Quel est l’article que tu as publié dont tu es le plus fier ?

Je pense que c’est un article récent que j’ai dédié à ma future fille sur les racines de la haine et que j’ai écrit pour le magazine La Croix Hebdo. Le sujet était : Pourquoi hait-on ? Est-ce qu’on nait avec ce sentiment ou est-ce qu’on le développe ? Comment aller contre ? En tant que journaliste humaniste, cela m’a beaucoup intéressé de décortiquer ce sentiment humain pour dégager des pistes de réflexion sur comment le combattre. 

J’ai aussi fait un podcast pour La Croix sur le Fleuve Colorado il y a deux ans qui m’a beaucoup touché. Ce fleuve mythique est en train de disparaitre, et les rencontres que j’ai faite lors de ce reportage au fil du fleuve, ainsi que les paysages, étaient très fortes.

Quel a été le sujet le plus difficile que tu as eu à couvrir ?

Certainement l’attaque du Capitole, le 6 janvier 2021. J’étais sur place, éberlué par ce que je voyais, partagé entre colère, choc et interrogations. Comme je ne fais pas de directs pour la télévision, le fait d’écrire après cette attaque m’a permis de prendre du recul. Mais c’est un moment que je n’oublierai pas.

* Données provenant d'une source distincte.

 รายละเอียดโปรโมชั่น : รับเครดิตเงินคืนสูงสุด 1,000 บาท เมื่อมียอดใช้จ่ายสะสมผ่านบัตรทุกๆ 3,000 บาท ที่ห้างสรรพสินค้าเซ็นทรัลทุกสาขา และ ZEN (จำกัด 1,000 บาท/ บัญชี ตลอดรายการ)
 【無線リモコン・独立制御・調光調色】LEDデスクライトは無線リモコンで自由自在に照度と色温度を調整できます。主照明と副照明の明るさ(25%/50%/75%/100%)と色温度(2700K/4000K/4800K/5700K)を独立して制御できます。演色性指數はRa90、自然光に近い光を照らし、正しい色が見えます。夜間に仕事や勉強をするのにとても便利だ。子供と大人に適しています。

Il y a aussi eu mon dernier reportage dans l’Arkansas sur les luttes pour rétablir le droit à l’avortement – il est complètement interdit là-bas. C’était émouvant pour moi d’entendre des mères dire qu’elles ne voulaient pas élever leurs filles dans un tel État, car je vais avoir une fille.

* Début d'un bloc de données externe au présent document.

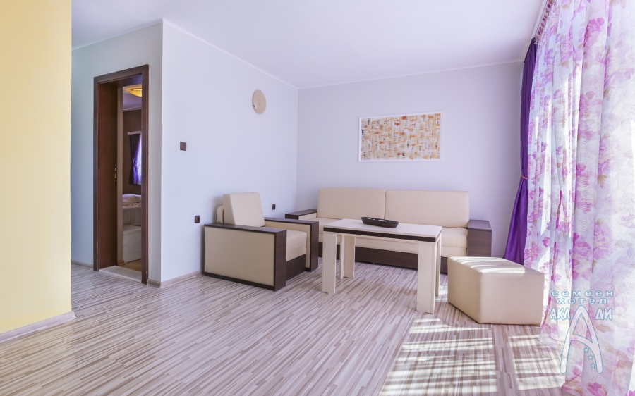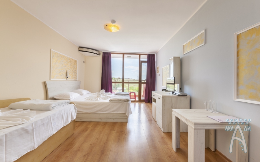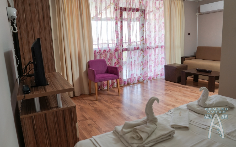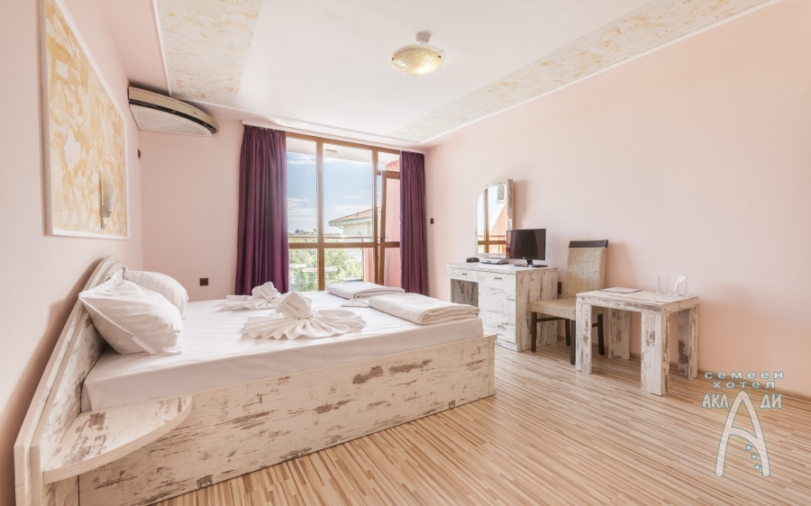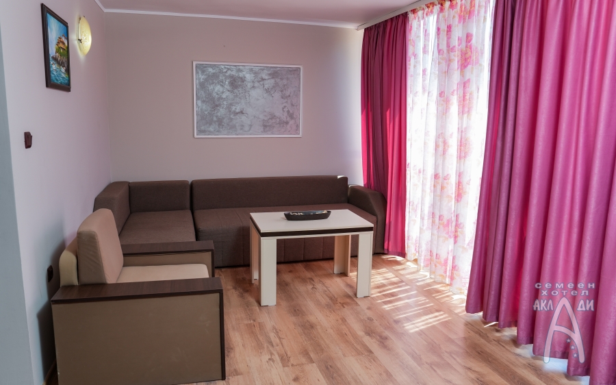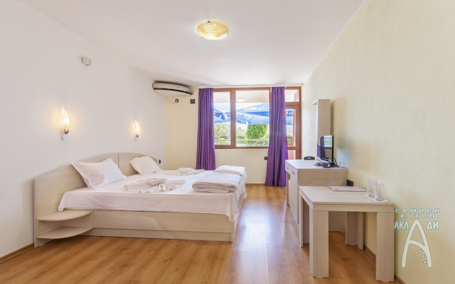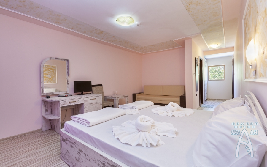 Семеен хотел „Аклади” разполага с 14 стаи, 2 апартамента и 1 панорамно студио. Всички помещения за настаняване са със собствен санитарен възел, хладилник, телевизор с плосък екран, интернет, климатик, кът за сядане и балкон с изглед към градината. В почти всички налични стаи има възможност за добавяне на допълнително легло.
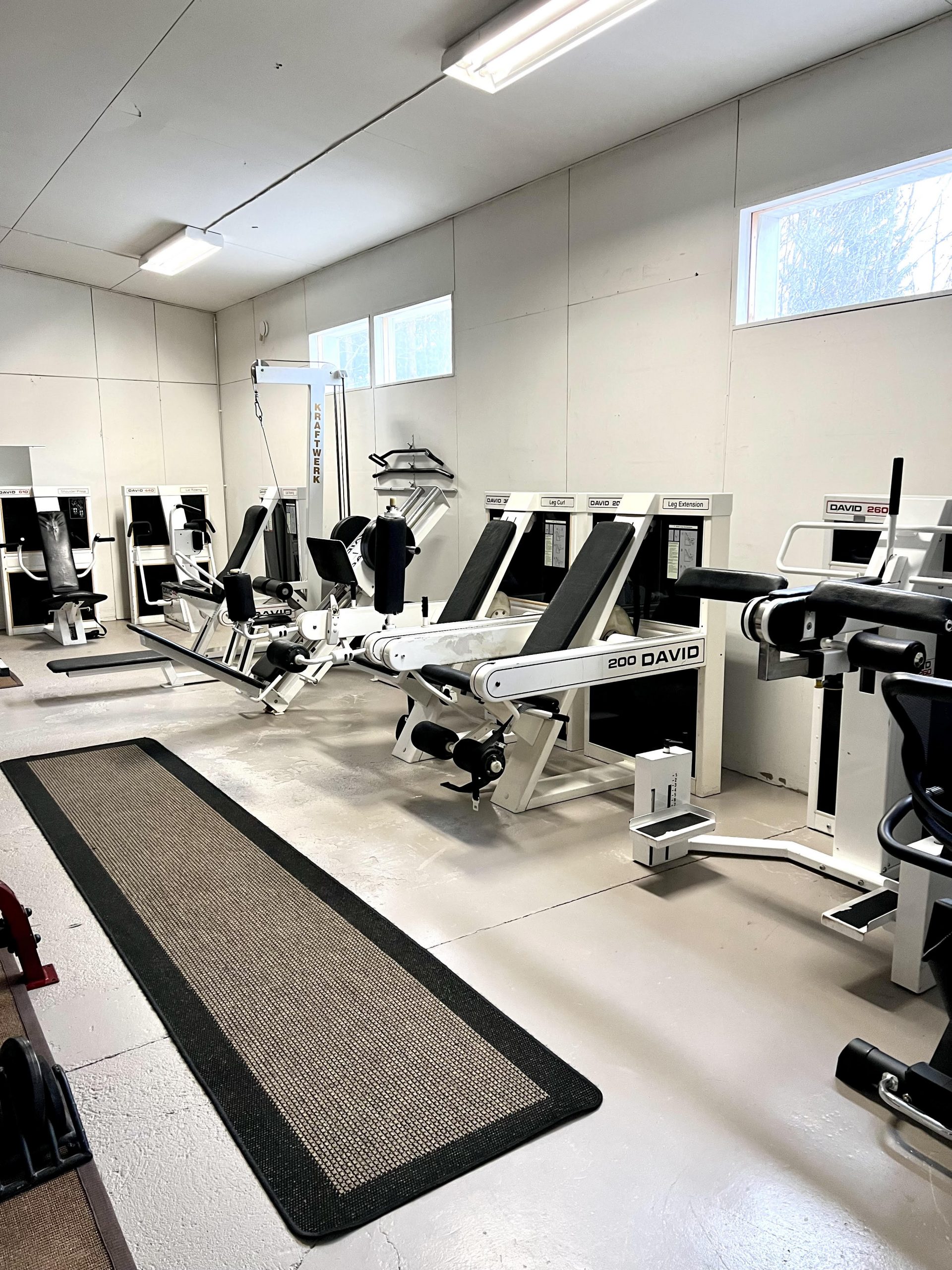 Salilla jalkojen ojennus-, koukistus- ja pakaralaitteet, jalkaprässi, olkapäälaite x 2, pec deck, kulmasoutu- ja vatsarutistuslaite, ylä-, ala- ja ristikkäistalja, penkkipunnerrus, kyykky-/leuanvetoteine, dippiteline, vinopenkki, hauistanko, käsipainoja, kahvakuulia, hyppynaruja, kuntopallo, jumppapallo, puinen hyppybox

Comment as-tu écrit ton livre « Kamala Harris, La biographie » ?

J’ai mis un an à interviewer des gens de sa famille, des experts, des amis, des collègues, des ennemis politiques. Il est paru en 2023 et malheureusement je n’ai pas pu la rencontrer car cela a correspondu à un moment où ses équipes changeaient tout le temps et j’ai compris que le moment n’était pas le bon. Mais j’aimerais bien la voir un jour ! https://www.interforum.fr/Affiliations/accueil.do?refLivre=9782809842531&refEditeur=45&type=P

Y a-t-il une anecdote dans ta carrière qui t’a particulièrement marqué ?

C’est une chose qu’un ancien correspondant qui avait plusieurs décennies de carrière m’a dit une fois : « pour bien couvrir les États-Unis, il faut les aimer ». J’ai cette chance. À la différence d’autres correspondants, je suis arrivé aux US quand j’étais jeune – 19 ans – et je ne suis pas là en mission de quelques années. C’est mon pays autant que la France.

Dans cette citation, il y a aussi l’idée qu’il faut montrer une forme de respect et d’humilité vis-à-vis du peuple américain. C’est un pays complexe, avec plusieurs pays dans le pays, avec des réalités très différentes de ce que nous connaissons en tant que Français. On ne peut pas prétendre le connaître en un claquement de doigts.